A group of local "traditional custodians" is challenging Central Coast Council's adoption of a "Central Coast First Nations Accord" which recognises the Darkinjung Local Aboriginal Land Council at their expense.

Direct descendent of historical figure Bungaree, Mr Paul Craig said: "Council has rightfully stated that native title has not been successfully claimed in this area."

He said: "The Guringai were the traditional custodians of the coastal region and the Darkinoong were our neighbours to the West."

"People need to learn the distinct difference between Darkinjung Land Council and the Darkinoong people."

Mr Craig said Bungaree was born in Patonga, and became famous for circumnavigating Australia with Captain Matthew Flinders in the early days of settlement.

"We can prove our ancestral connection to this area and we are in the process of officially doing that.

"Meanwhile we urge locals to do some research into my direct ancestor Bungaree."

Mr Craig said: "Hundreds of people identify as Guringai.

"Bungaree was certainly not a Darkinoong man.

"There's no evidence suggesting that.

"Our main clans were the Garigal, Walkalowa, Wannangini and the Wannabe.

"Guringai was a general name given to Bungaree's people by an 18th century linguist," he said.

"The word Guringai was used due to our local word for man being Guri or Koori and the word for woman was Ngai.

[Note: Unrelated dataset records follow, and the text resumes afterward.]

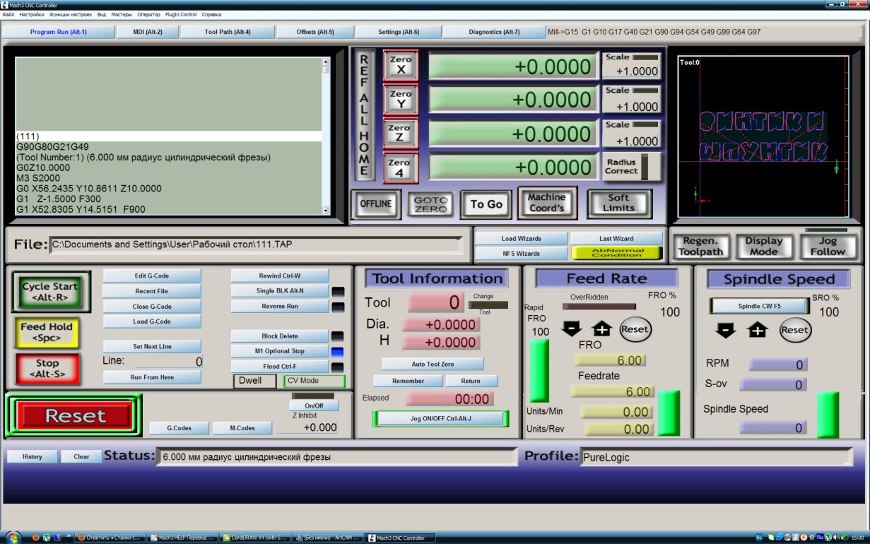 Создал у Арткаме УП с нулевой точкой в левом нижнем углу, сохранил с построцессором gcode_mm.con, скормил её программе, и тут начались непонятки. Когда загружаю УП в Mach, там всё отображается правильно, лицевой стороной, с нулевой точкой слева внизу.
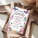 Fira ankomsten av din lilla fjäril med denna charmiga inbjudan till baby shower! Med ömtåliga akvarellblommor, fladdrande pastellfjärilar och fantasifull bokstavsstil fångar denna design perfekt skönheten och glädjen i nya början. Perfekt för en vår-, blomster- eller trädgårdstematisk baby shower, den lägger till en mjuk och feminin touch till din fest. Anpassa alla detaljer för att göra det unikt för dig!
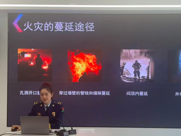 张应秋子为参会人员作消防知识讲座,她结合校园火情特点,以图文并茂的生动案例,给大家系统讲解了火灾预防的基本概念、火灾种类、用电安全常识、如何防火灭火及逃生自救等消防安全知识。她倡导大家不但要自己掌握消防基本知识,提高自身的防范能力,还应该将自己学到的知识传递给家人以及周边的人,为提高全民的消防意识尽一份力。
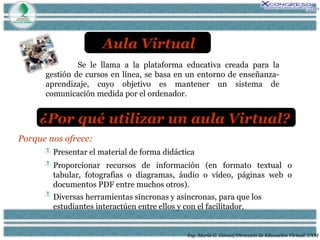 El documento habla sobre el uso de aulas virtuales en la educación. Explica que las aulas virtuales permiten presentar material de forma didáctica utilizando recursos multimedia, y ofrecen herramientas para la interacción entre estudiantes y facilitadores. También destaca la importancia de que los docentes faciliten la motivación de los estudiantes y los involucren en su propio aprendizaje para mejorar el proceso de enseñanza-aprendizaje.
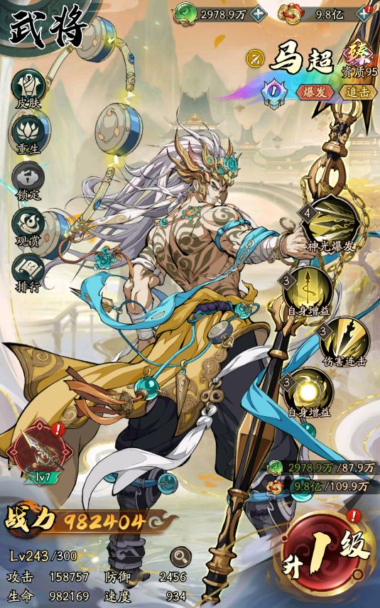 二、神光系统,后期成长无上限被动 “神・裂崖” 让神马超 ** 每次行动(含反击、追击)** 都有高概率(Lv3 达 80%)获得【神光】,层数叠加带来 “生存→输出→破防” 的阶梯式强化:1 层提升伤害减免 / 抗暴,保障站场;3 层加攻击 / 伤害加成,强化输出;6 层解锁 25% 无视防御,打穿前排;神兵 “驰骋之鸣” 强化 + 15 后,神光上限扩至 9 层,还能额外提升暴击 / 命中,彻底突破成长天花板。后期战斗时长足够,神光轻松叠满,让他从 “能打” 进化为 “打谁都痛”。
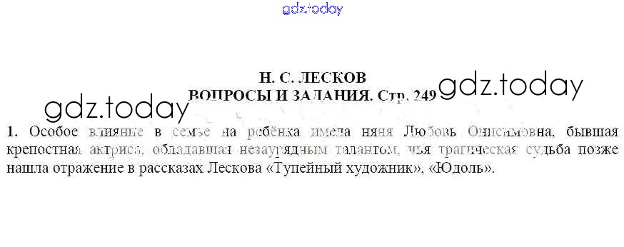 На страницах сайта gdz.today вы найдете учебный и вспомогательный материал, направленный на улучшения знаний школьной программы. ГДЗ - онлайн мир знаний Вопросы и задания Н. С. Лесков 1 Учебнику по Литературе для 6 класса Чертов, Трубина Просвещение Академический школьный учебник 2018
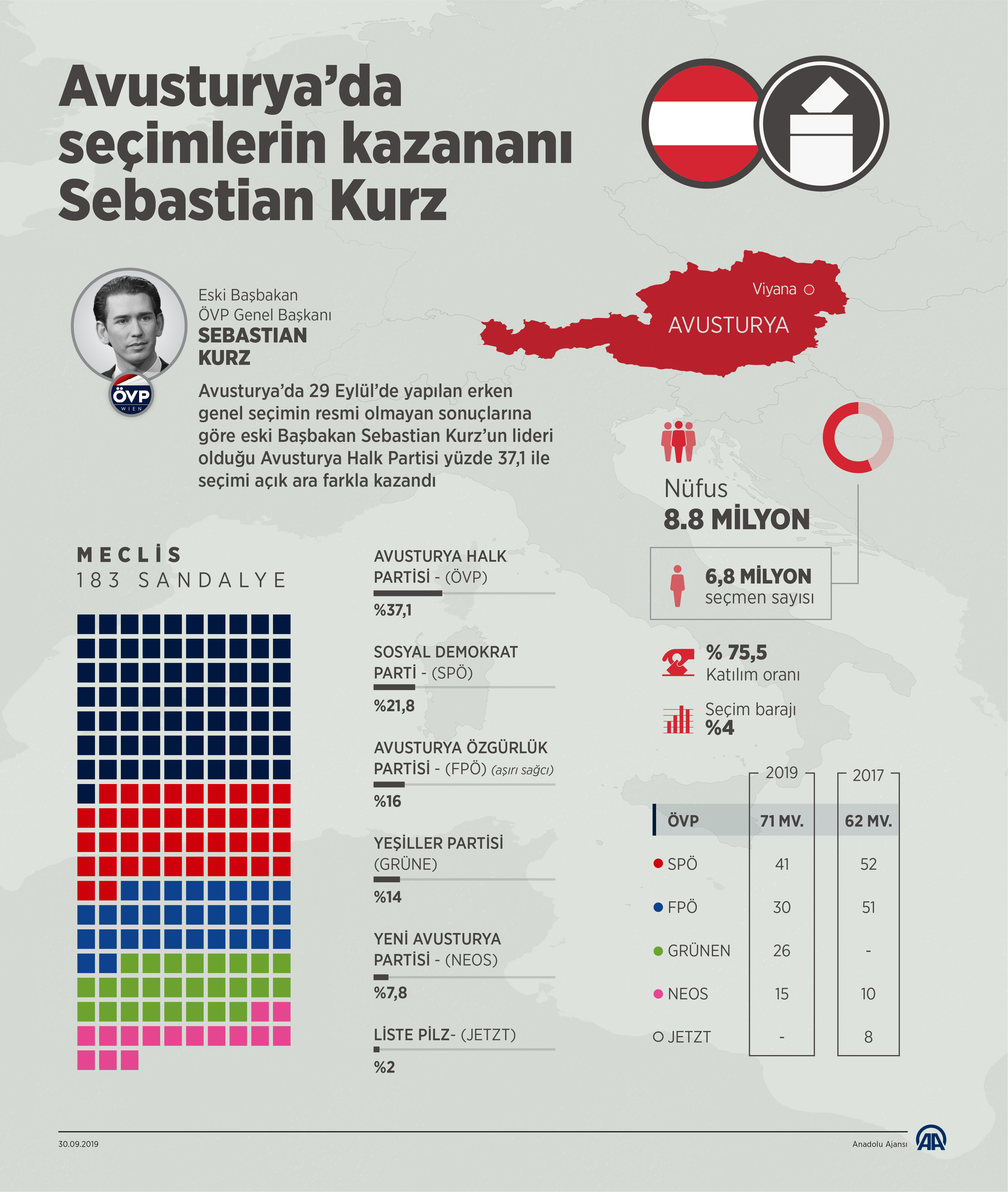 Yaklaşık 6,4 milyon seçmenin bulunduğu ülkede, seçmenlerin yüzde 75,5’i sandığa gitti. Avusturya Devlet Televizyonu ORF’nin yayımladığı sandık çıkış anketine göre, merkez sağ ÖVP yüzde 37,1 oranında oy alırken, Sosyal Demokrat Parti (SPÖ) yüzde 21,8, aşırı sağcı Özgürlük Partisi (FPÖ) ise yüzde 16 oranında oy elde etti. Geçen seçimlerde meclis dışında kalan Yeşiller Partisi ise yüzde 14 oy oranıyla yeniden meclise girmeye hak kazanırken, liberal Yeni Avusturya Partisi (NEOS) oylarını 2 puanın üzerinde artırarak yüzde 7,8’e çıkardı.

"The words Guri and Ngai were blended to form the name Guringai and the term was used for many clans up and down this part of the East Coast."

Mr Craig said the Guringai were "still well and truly in the process of working towards being officially recognised as the first people of the Central Coast".

He said it was "a complicated, lengthy and expensive process, but nevertheless something that we are absolutely pursuing.

"Our people have been through so much over the past 233 years since 1500 souls landed on our shores from Europe in 1788."